* Provided data *
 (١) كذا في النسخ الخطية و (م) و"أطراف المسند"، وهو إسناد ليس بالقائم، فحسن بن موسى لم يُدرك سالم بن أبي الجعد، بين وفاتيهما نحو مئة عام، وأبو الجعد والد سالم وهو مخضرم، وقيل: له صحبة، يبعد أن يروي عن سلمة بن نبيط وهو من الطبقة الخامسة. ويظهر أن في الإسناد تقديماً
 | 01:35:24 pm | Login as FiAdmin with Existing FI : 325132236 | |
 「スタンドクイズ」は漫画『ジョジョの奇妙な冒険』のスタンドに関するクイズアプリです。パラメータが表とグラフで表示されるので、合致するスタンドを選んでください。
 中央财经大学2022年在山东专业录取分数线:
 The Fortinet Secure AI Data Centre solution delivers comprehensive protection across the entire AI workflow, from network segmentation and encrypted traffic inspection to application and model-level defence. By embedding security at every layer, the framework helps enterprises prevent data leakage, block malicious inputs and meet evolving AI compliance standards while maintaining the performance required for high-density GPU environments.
==
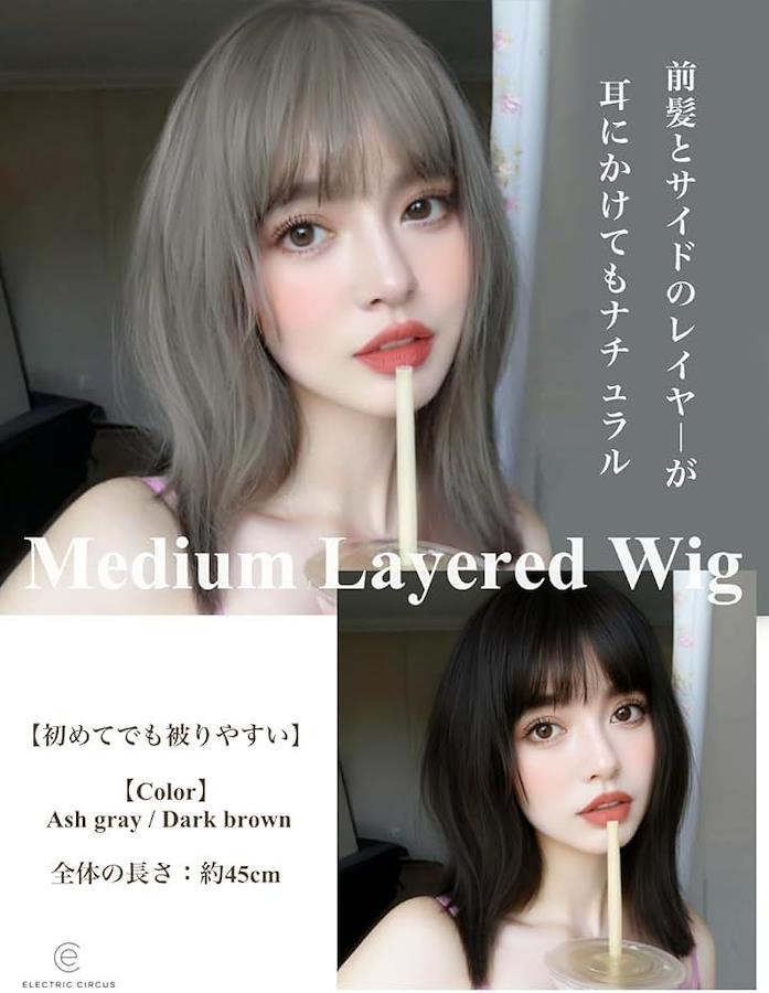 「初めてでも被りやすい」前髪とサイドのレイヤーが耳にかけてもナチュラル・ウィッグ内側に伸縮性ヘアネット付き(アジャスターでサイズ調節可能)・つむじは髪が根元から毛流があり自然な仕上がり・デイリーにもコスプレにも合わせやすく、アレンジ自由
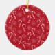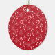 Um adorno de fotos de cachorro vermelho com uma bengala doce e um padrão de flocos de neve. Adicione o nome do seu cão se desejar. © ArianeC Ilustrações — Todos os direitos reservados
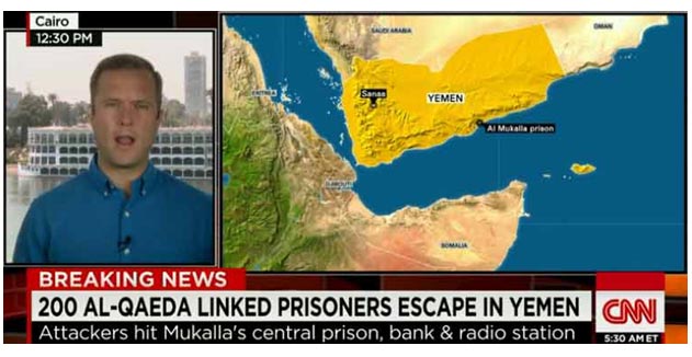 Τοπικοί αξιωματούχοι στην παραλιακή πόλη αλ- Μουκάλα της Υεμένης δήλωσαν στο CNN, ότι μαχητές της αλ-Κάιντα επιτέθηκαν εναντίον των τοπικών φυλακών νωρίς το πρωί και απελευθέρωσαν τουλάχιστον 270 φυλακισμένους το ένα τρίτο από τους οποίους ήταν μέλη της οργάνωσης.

* Exercise requirements *
Starting with the line above that holds "(١) كذا في النسخ" and stopping with the line that holds "325132236 | |", reproduce each line exactly, omitting all other lines.

* Solution for this exercise *
 (١) كذا في النسخ الخطية و (م) و"أطراف المسند"، وهو إسناد ليس بالقائم، فحسن بن موسى لم يُدرك سالم بن أبي الجعد، بين وفاتيهما نحو مئة عام، وأبو الجعد والد سالم وهو مخضرم، وقيل: له صحبة، يبعد أن يروي عن سلمة بن نبيط وهو من الطبقة الخامسة. ويظهر أن في الإسناد تقديماً
 | 01:35:24 pm | Login as FiAdmin with Existing FI : 325132236 | |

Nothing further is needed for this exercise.